In an attempt to raise production, Agfa initiated a premium program: the more you produce, the more you get to eat. To start off, rations were lowered considerably. The women did not take it. What happened is unique on the history of concentration camps, the prisoners went on strike. The SS was baffled. If they had been men they would have had no trouble shooting down the whole bunch, but women?

A few of them were locked up in the bunker in Dachau, but they were set free after a few weeks. Then it turned out that it was not done in vain. The rations were increased and the premium program was scrapped.

The working conditions of the women were hardly better than the men's. Especially in the subcamps of Kaufering and Mühlsdorf a lot of women died as the result of the inhumane circumstances under which they lived and worked.

A separate and remarkable group of women were put to work in the camp whorehouse. They were called Puff and the idea to establish a whorehouse came from the brain of none less than Heinrich Himmler. He thought he could give troop morale an extra bump.

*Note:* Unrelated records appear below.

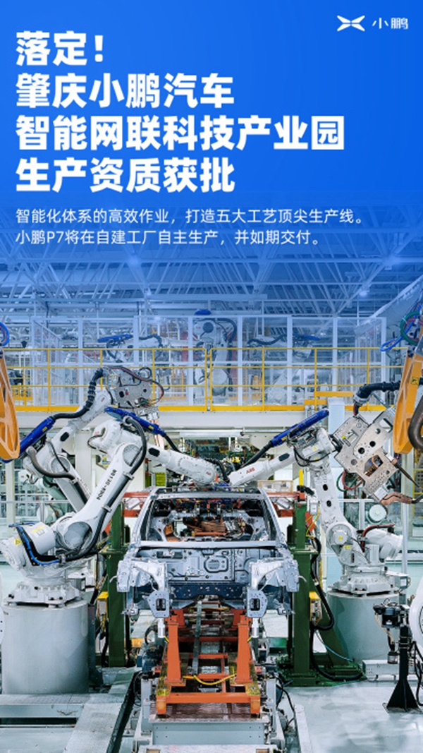 未雨绸缪 生产资质落定:小鹏P7将在肇庆工厂自主制造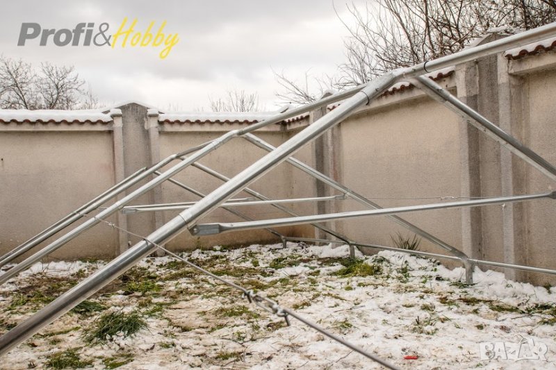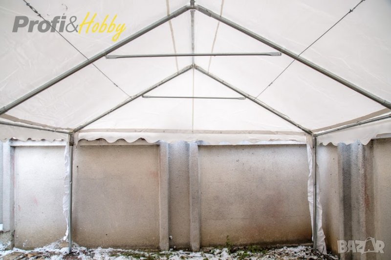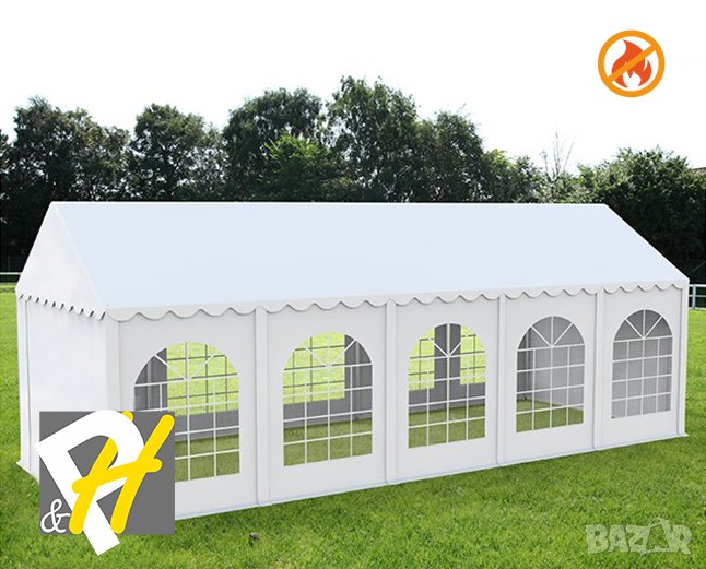 Професионална шатра 4х10м, огнеустойчив PVC брезент 550 гр/м2 – подсилена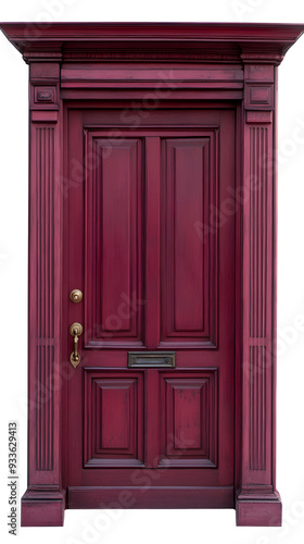 Classic wooden dark red framed door isolated on white background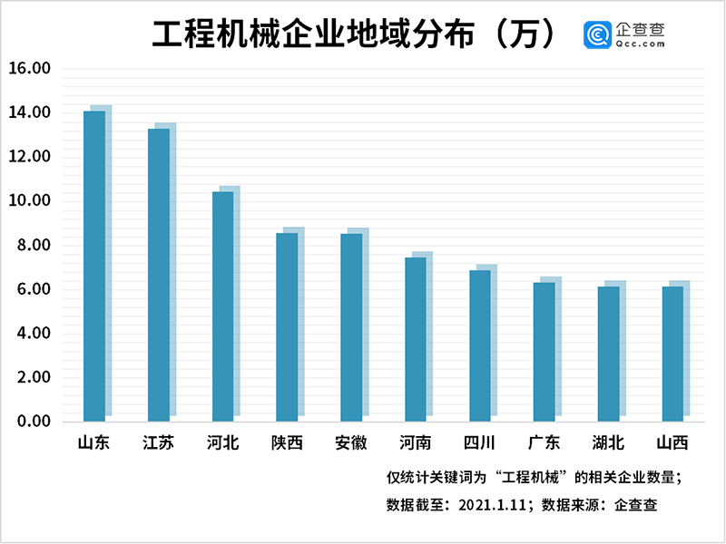 2020年,工程機械迎來行業順周期。在“新基建”等東風的催動下,三一重工、中聯重科、恒立液壓等龍頭企業業績飄紅。企查查數據顯示,目前我國共有157.74萬家工程機械相關企業,山東以14.11萬家企業排名第一,江蘇、河北分列二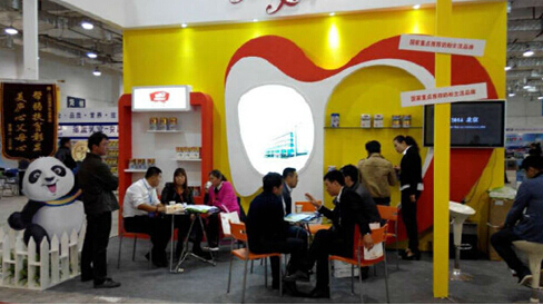 10月13日,山东国际机械展览中心举办的2014山东·国际孕婴童产品展览会上,美庐展馆以黄、白、红为主色调搭建,并配有可爱的熊猫吉祥物,带给客户温馨舒适的体验。通过产品展示和现场讲解,展位内座无虚席,咨询和洽谈合作的人潮络绎不绝。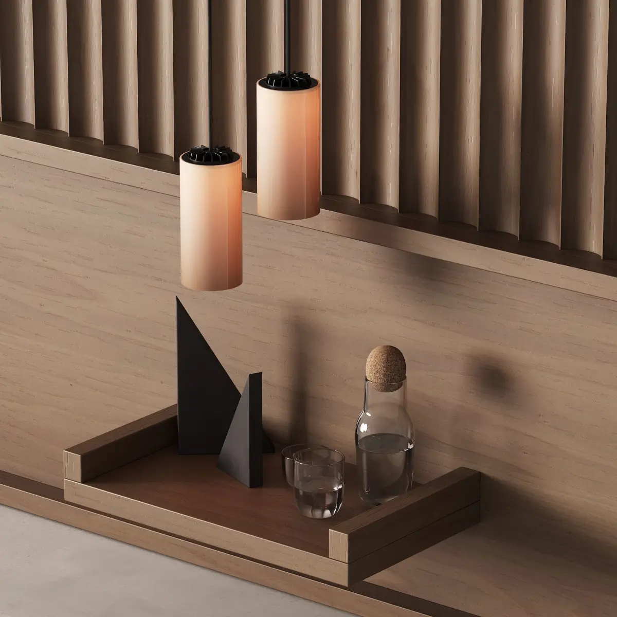 The model also has decor and filling: Muuto Corky Carafe water bottle, glass, stone vase, handmade stone, Santa & Cole Cirio Simple by Antoni Arola pendant lamp, books, round wooden wall panel, bookends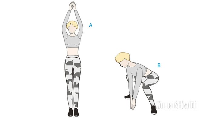 Развернись на 45 градусов, шагнув правой ногой так, чтобы стопы были под прямым углом друг к другу. Сядь в глубокий присед, одновременно опуская руки вниз через стороны: в конечной точке коснись ими пола (B). Вернись в положение A – это 1 повтор.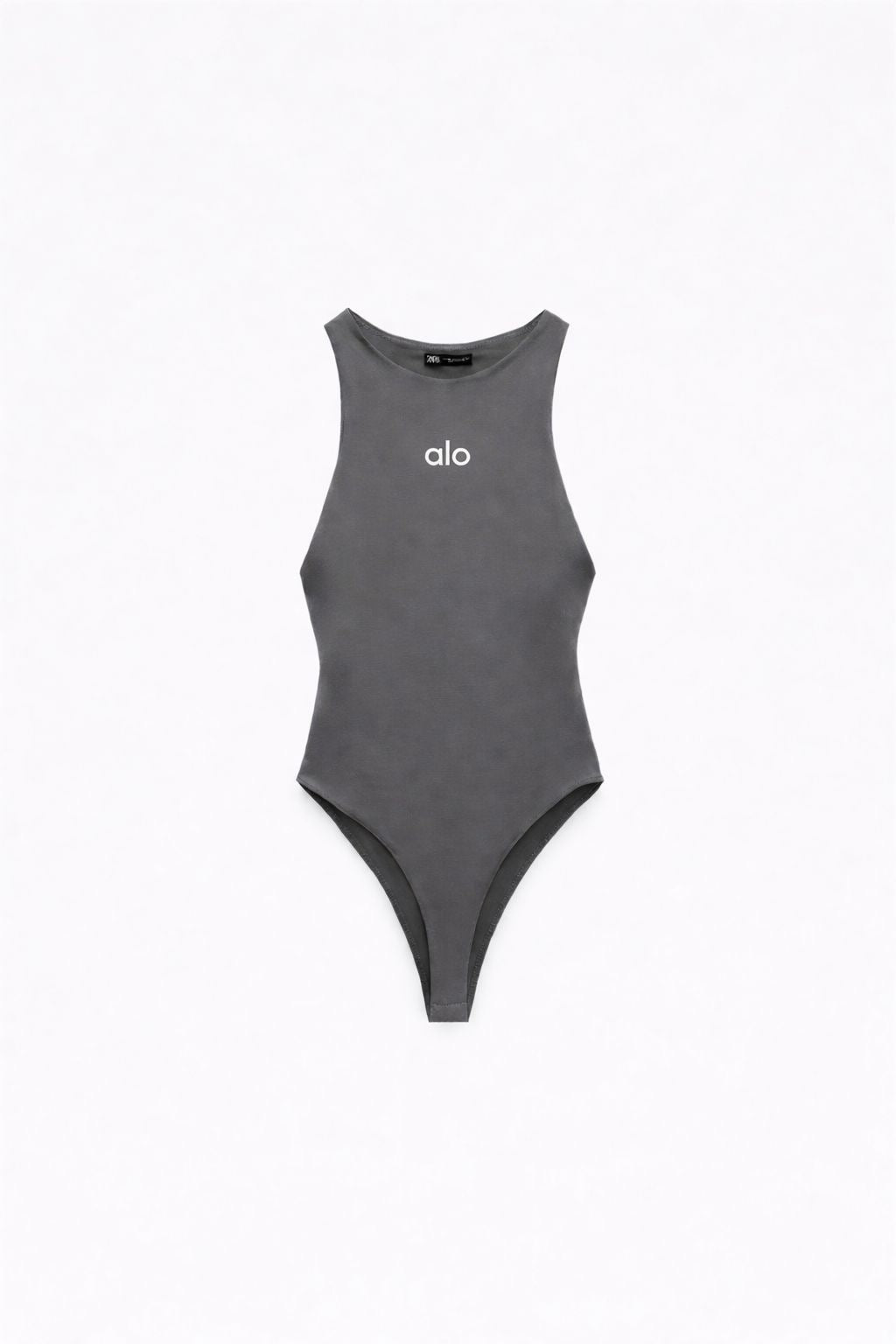 A minimal high-neck bodysuit in a sleek slate grey tone, featuring a fitted silhouette that contours the body. Designed with wide shoulder straps and a smooth, sculpting fabric that offers a snug yet comfortable feel. The subtle “alo” logo at the center adds a premium athleisure touch. Perfect for workouts, yoga sessions, or styling with cargos, denim, or oversized joggers for that effortless off-duty look.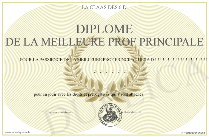 Envoyez par email votre Diplôme de la meilleure prof principale personalisé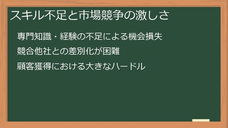 さらに、スキル不足や市場競争の激しさ、そして、信用問題や法的リスクも無視できません。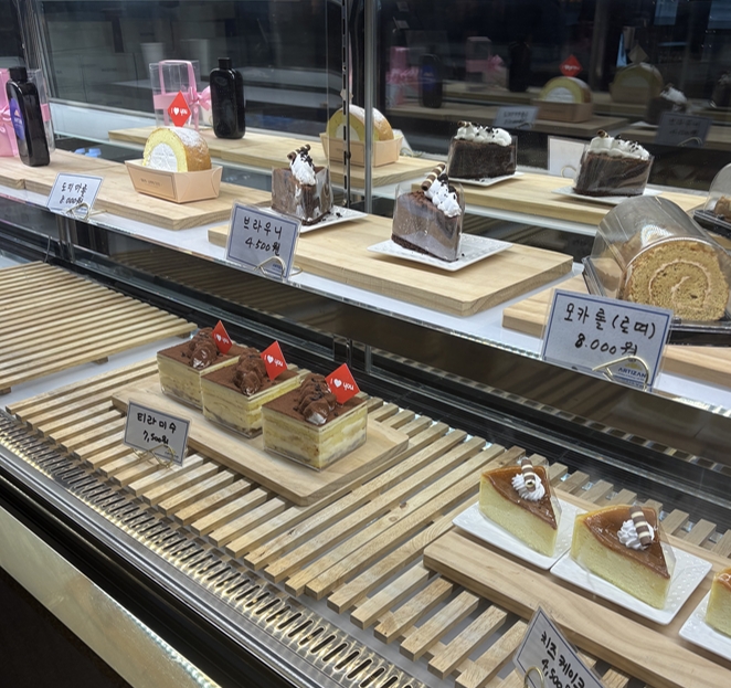 소금빵과 잼, 생크림을 포장으로 파는건 세트로 12,000원으로 판매하기도하고 케이크류로 도지마롤, 브라우니, 티라미스, 치즈케이크 등 가격도 타카페에 비해서 합리적이게 판매중이더라구요. 😊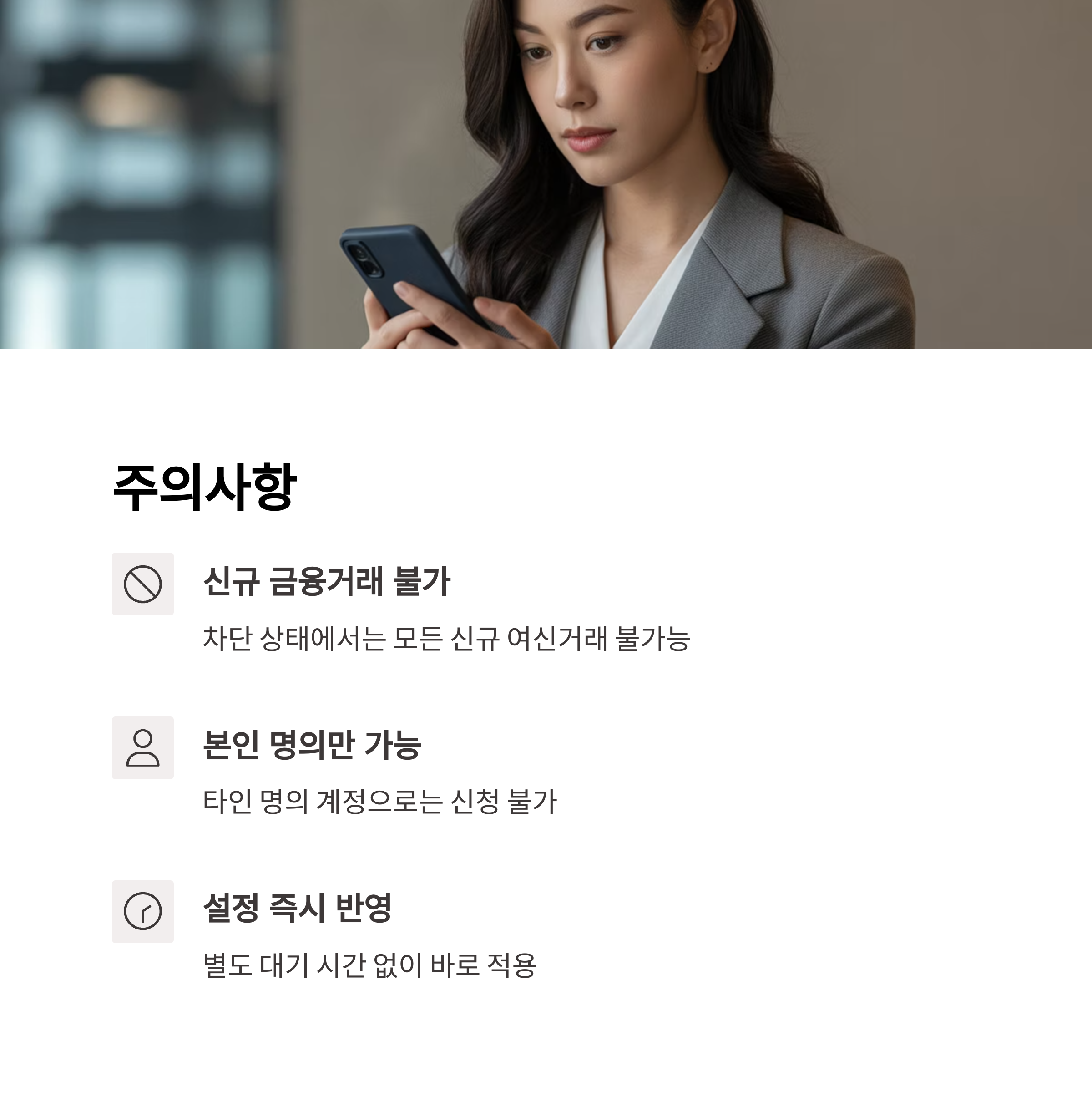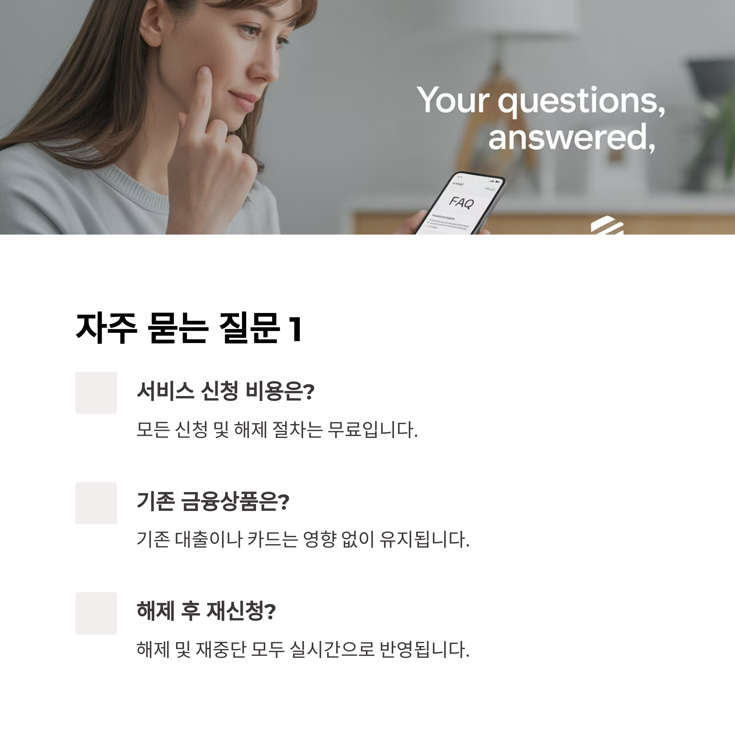 상황에 따라 대출이나 카드 발급이 필요할 경우, 아래 절차를 통해 언제든지 즉시 해제가 가능합니다.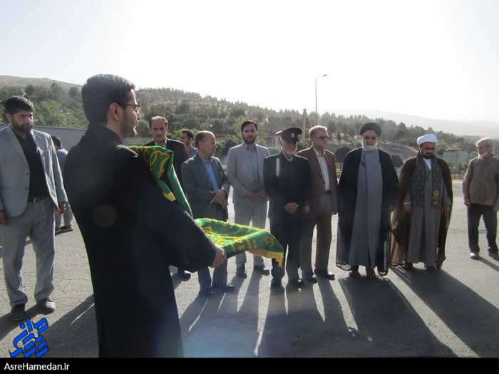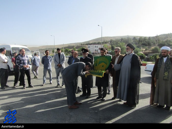 ساعتی را در ورودی شهر اسدآباد در پارک جنگلی ایستاده بودیم و از مسئولان تنها امام جمعه، فرماندار و یکی از معاونانش، بخشدار مرکزی، یکی از اعضای شورای شهر، مسئول آستان قدس رضوی در این شهر، جوانان دلداده کانون حرم رضوی، دو تن از مداحان، تعدادی از مربیان قرآنی حضور داشتند که مینیبوسی حامل ۳ خادم حرم رضوی و تعدادی اعضای کاروان خورشید و پرچم حرم رضوی پیچ های آخر گردنه را گذراندند و به منتظران و میزبانان رسیدند.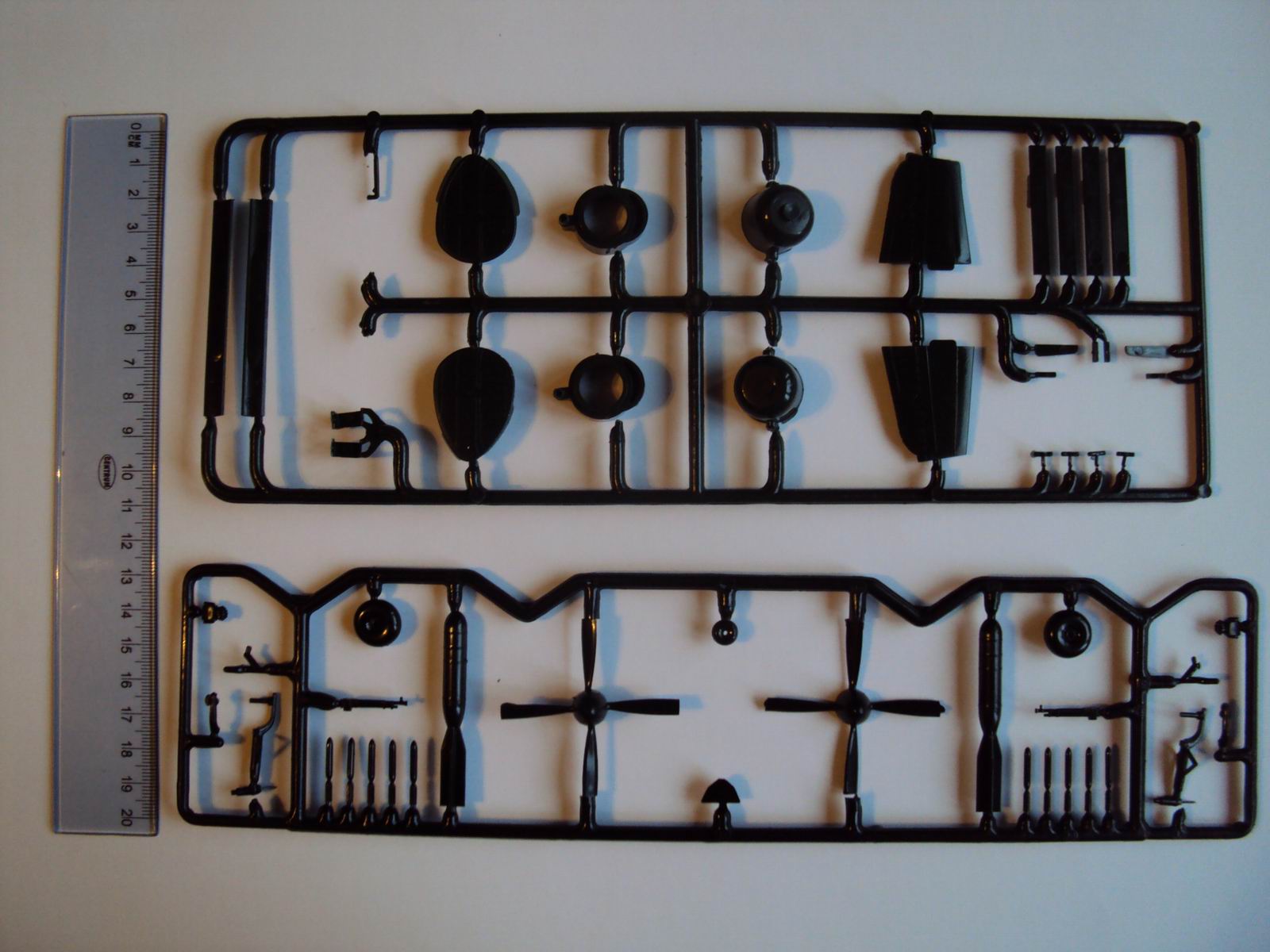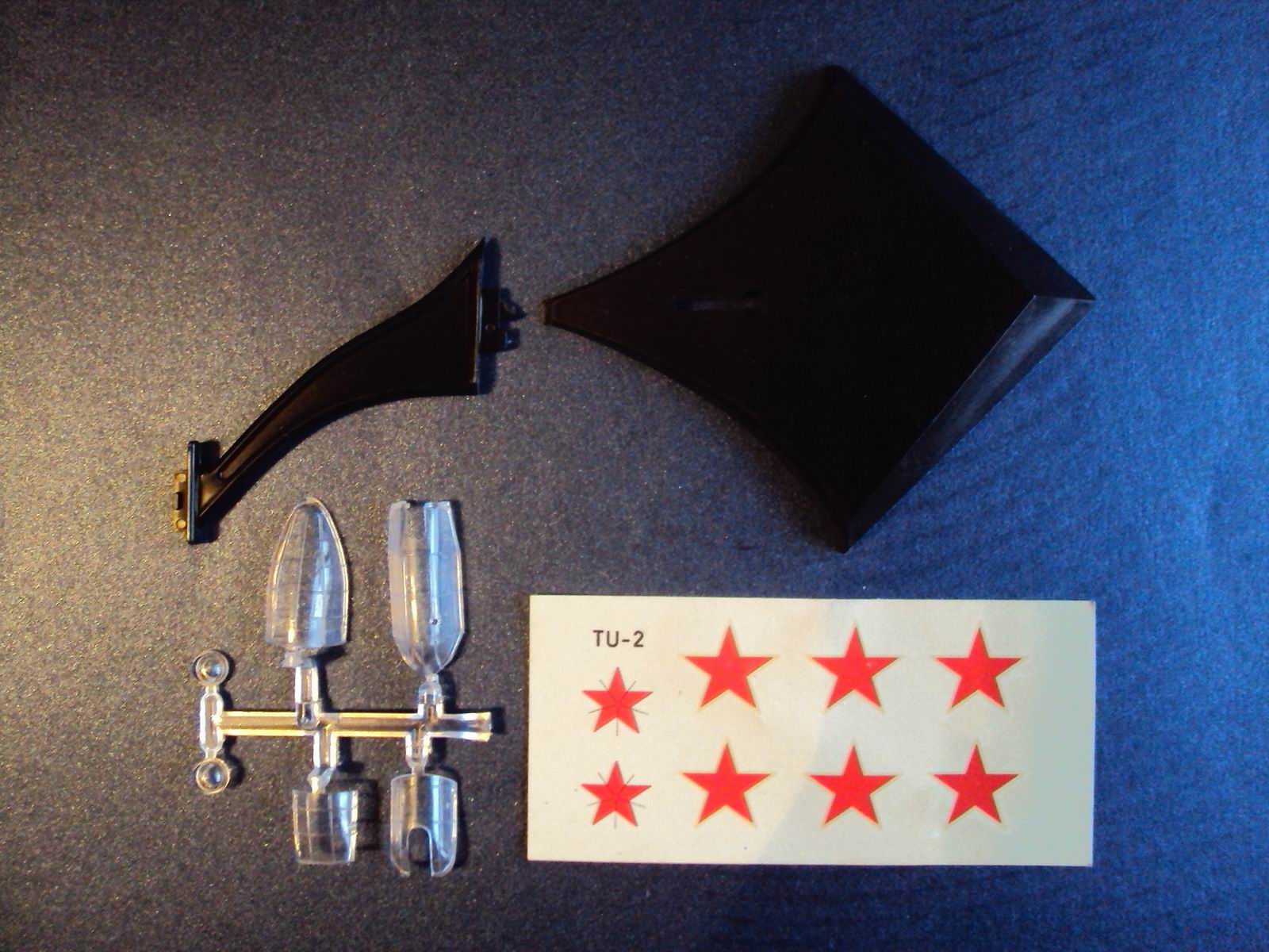 В этом комплекте основные детали выполнены из темно-зеленого пластика, один литник черного цвета, комплект стекления фонаря, подставка черного цвета, схема инструкция на трех языках, декали звезды.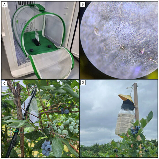 After 24 h, cages were removed from the chambers and refrigerated for 5–10 min to anesthetize flies, and the blueberries were removed from the cages. Each berry was inspected with a dissection scope and the total number of eggs, as identified by the protruding breathing tube filaments (Figure 1B), was recorded.

Women's bodies were also used in other ways in the camp, for instance the cold experiments of Doctor Rascher. Male prisoners who were totally under cooled by laying in an ice cold bath for hours, were sandwiched between two nude female prisoners to bring their temperature back to normal.

Thirty women were liberated by the American on April 1945. Two thousand were sent on a transport with an unknown destinations. Their lot is mostly unknown.

After the so called Röhm affair, the first German woman was executed in 1934. Many would follow.


About the “other” women in the camp a few things are known. In 1945 there were 62 Aufseherinnen, the female SS guards, who matched their male counterparts in cruelty. A few of them got married to SS Officers, who were housed close to the camp. Most of them never had to face a judge.